The variety of Software Development Kits (SDKs) can overcomplicate the adoption of quantum computing. Well known SDKs include, for instance, IBM's Qiskit and AWS's Braket quantum computing service. To tackle the abundance of existing SDKs, our platform is deployable on any available Quantum Processing Unit (QPU) by efficient translation between various SDK commands. This offers a single convenient platform for all QPUs and SDKs.

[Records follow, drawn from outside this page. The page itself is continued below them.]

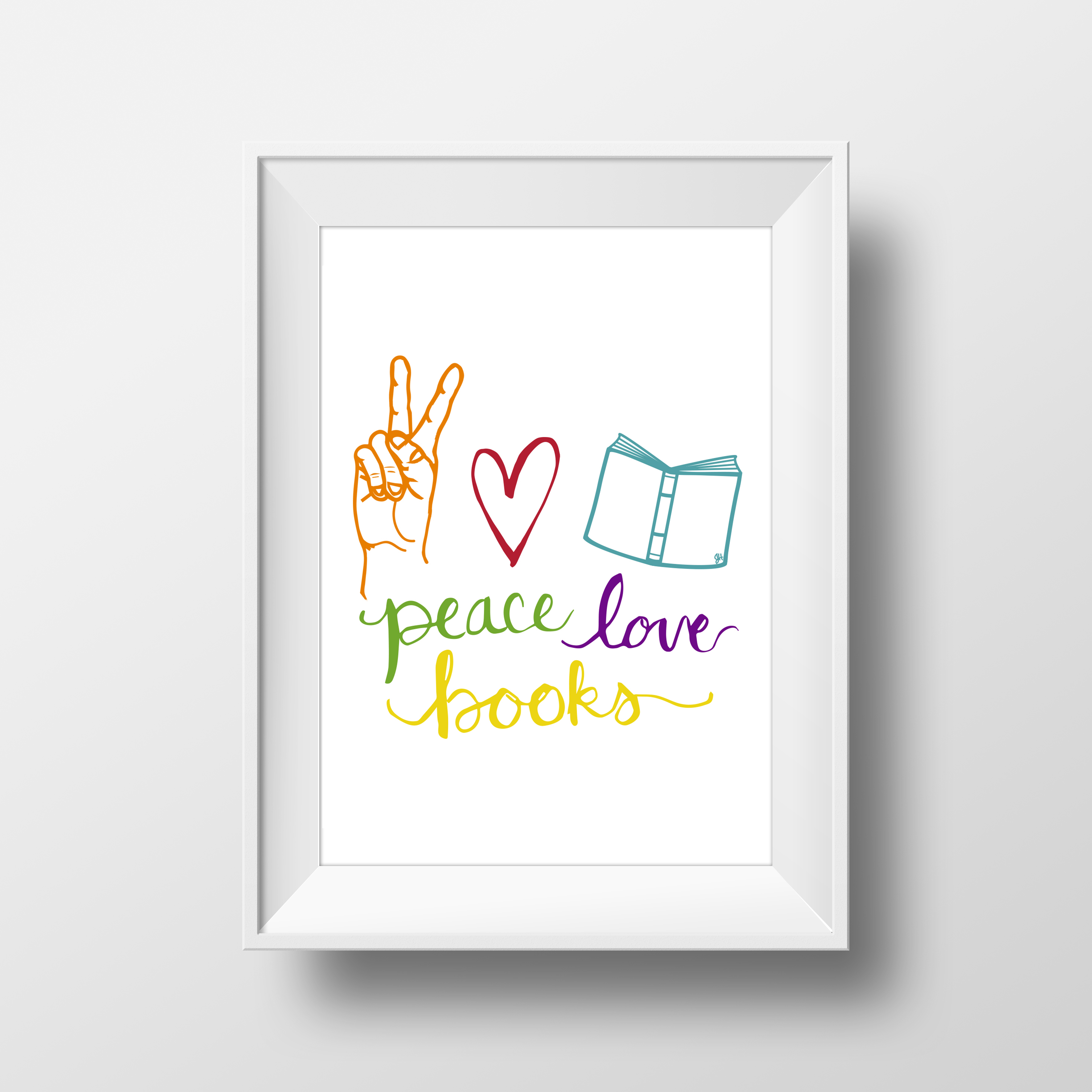The Joy at Home “Peace, Love, Books” Collection features the phrase “Peace, Love, Books” in a variety of colors and mediums. This cute and symbolic take on the popular phrase will resonate with all ages. Joy actually drew the design by hand, making it a completely unique design. The “peace sign” symbol is even a drawing of her oldest daughter’s hand. These personal touches give this collection a cozy and homemade feel that can't be found in stores. This design is featured as a multi-colored design for wall art, as well as several other color choices, including white on blue, white on gray, white on coral, black on white, and white on black for pillows or wall art.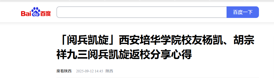 校友杨凯、胡宗祥载誉而归,培华学子以实际行动诠释家国担当。学校始终秉持着立德树人的根本任务,将家国情怀融入到教育的每一个环节,激励着一代又一代培华学子,将个人理想与国家命运紧密相连。未来,愿培华学子以榜样为炬,让青春在报国路上绽放光彩。
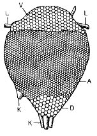 Abb. 2: Nest der Zwerghonigbiene (Apis florea), besteht aus nur einer einzigen Wabe. A Arbeiterinnenzellen, D Drohnenzellen, K Königinnenzellen, L Leimring, V Vorratszellen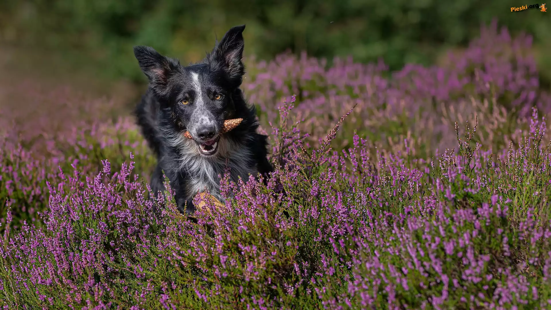 Szyszka, Pies, Border collie, Wrzosy, Pieski
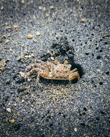 Small crabs crawling on the rocks on the shore. Coral reef wildlife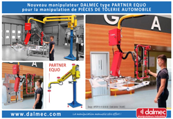Ainsi, dans le cadre du développement de ses solutions adaptées à ce secteur, Dalmec est heureuse de présenter un nouveau manipulateur industriel de type Partner Equo conçu sur-mesure pour assurer la prise, le déplacement, le positionnement ou la dépose de pièces de tôlerie automobile.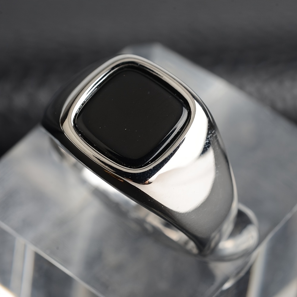 TEMU 1개 유럽 및 미국 스타일 심플 남성용 라운드 스퀘어 링, 변색 없는 패션 한국 버전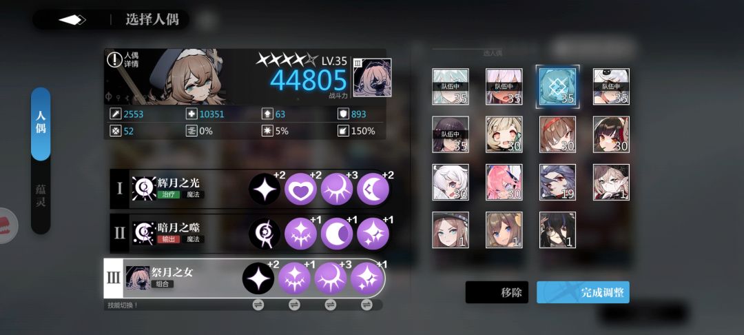 星见有一个减防的二技能二级就可以减30%,三级可以驱散一个敌人buff,加上薇姬娜大招20%的减防,可以让莉莉输出拉到最大。这样莉莉在第三回合和第四回合的输出就会最大化,同时星见也必须凹出一个暴击。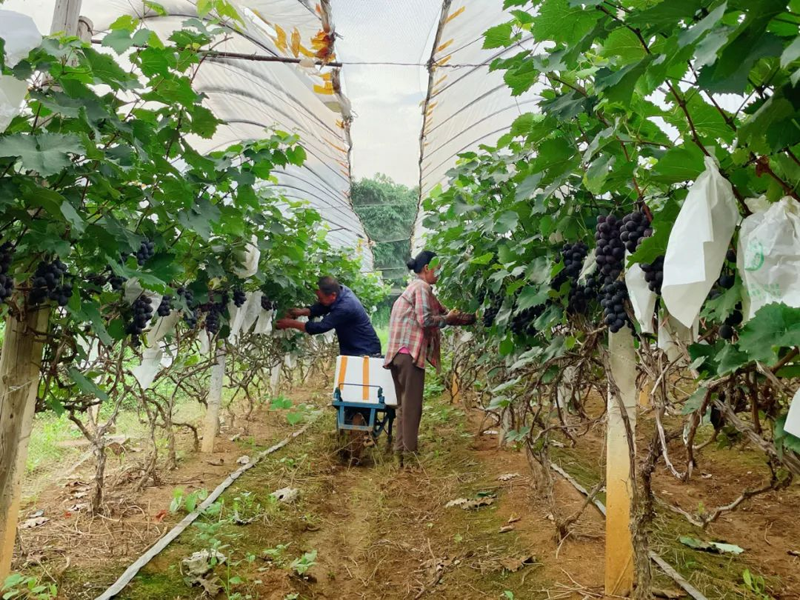 據了解,交通村依托鄉村振興戰略,立足本地資源優勢,將葡萄種植作為重點培育的特色產業。今年全村共種植葡萄約1000多畝,其中種植京亞這個早熟品種占比達70%以上,年產值預計超過1200萬元。通過發展葡萄種植,有效實現了產業發展、集體增收和農戶致富的“三贏”目標。(潘多彩)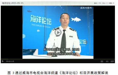 (一)加大宣传解读力度,推动政策落实。年内,组织相关负责人编写材料,通过威海电视台海洋频道《海洋论坛》节目、市海洋与渔业局网站等媒体,对渔业安全生产攻坚年、海洋捕捞渔具管理、《山东省渔业船舶管理办法》、《山东省渔船员电子身份标识管理规定》等方面的政策进行了详细解读。相关视频资料可以登录威海传媒网在线点播,有关文件资料可登陆市海洋与渔业局网站政策法规栏目查阅。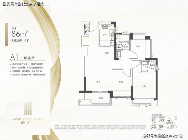 约86㎡3房1.5卫(1栋A座04/06户型、2栋03/05户型、3/4栋03/05/07户型)竖厅格局,餐客一体,动静分区结构,S型墙体预留冰箱位,创新型1.5卫设计,卫生间干湿分离设计,有东南、东北、西南朝向。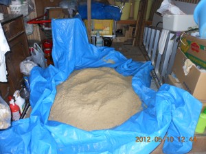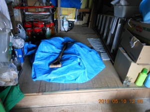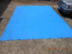 それから下に引くブルーシートを外で広げて掃除。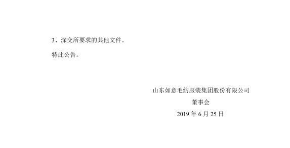 以下是山東如意毛紡服裝集團股份有限公司近日發(fā)布的公告內(nèi)容:
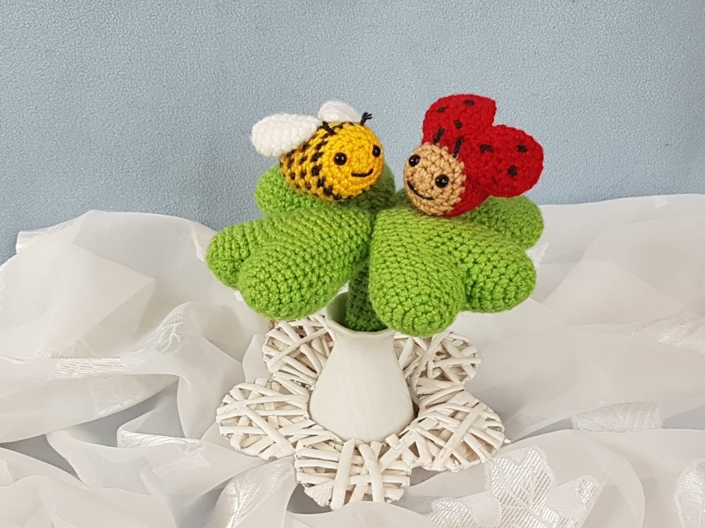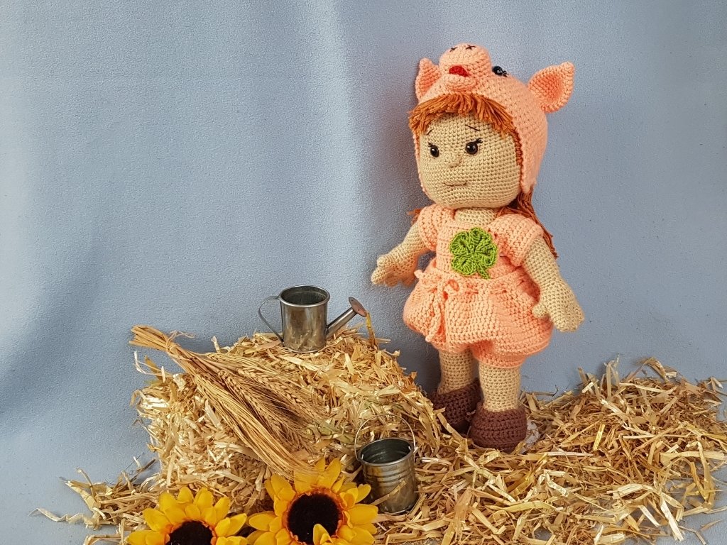 Die Kleidung passt Puppen von einer Größe von ca. 36 cm. Die PDF beinhaltet die Anleitung für das Hemd, die Pumphose, die Schuhe, die Schweinchenmütze, das große Kleeblatt, die Biene sowie für den Marienkäfer.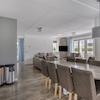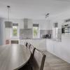 Moderne Eckaufstellung mit weißen Schränken, grauer Arbeitsplatte und Einbaugeräten. Die Küche verfügt über eine Dunstabzugshaube und bietet ausreichend Arbeitsfläche. Der Essbereich mit Hängelampe und Lederstühlen vervollständigt den Raum.

The hardware-agnostic nature of our platform makes it future-proof, as in our era of quantum computing it is still not clear which quantum tools and technologies will attain a large-scale quantum fault-tolerance, i.e., be able to avoid errors caused by the interaction of qubits.

Cost-Efficient

The computational runtimes may be too long to be viable if you are looking to simulate or model complex systems. These runtimes can be drastically reduced by our solution; QUICK takes the given parameters and translates the simulation into a problem that can be solved in an efficient manner - reducing time and energy costs.

Convenient and
‍User-Friendly

QUICK unifies access to multiple available quantum devices. In addition, it does not require any knowledge of quantum computing from the customer's side, saving you plenty of time in the process.

Our Vision

Our aim is to cover various use cases, such as material deformation or climate simulations. The workflow of our program can be simply described in the following manner:

The user inputs their problem parameters and meta-parameters. These can determine, for example, the maximum length or budget - or even the minimal precision of the required solution.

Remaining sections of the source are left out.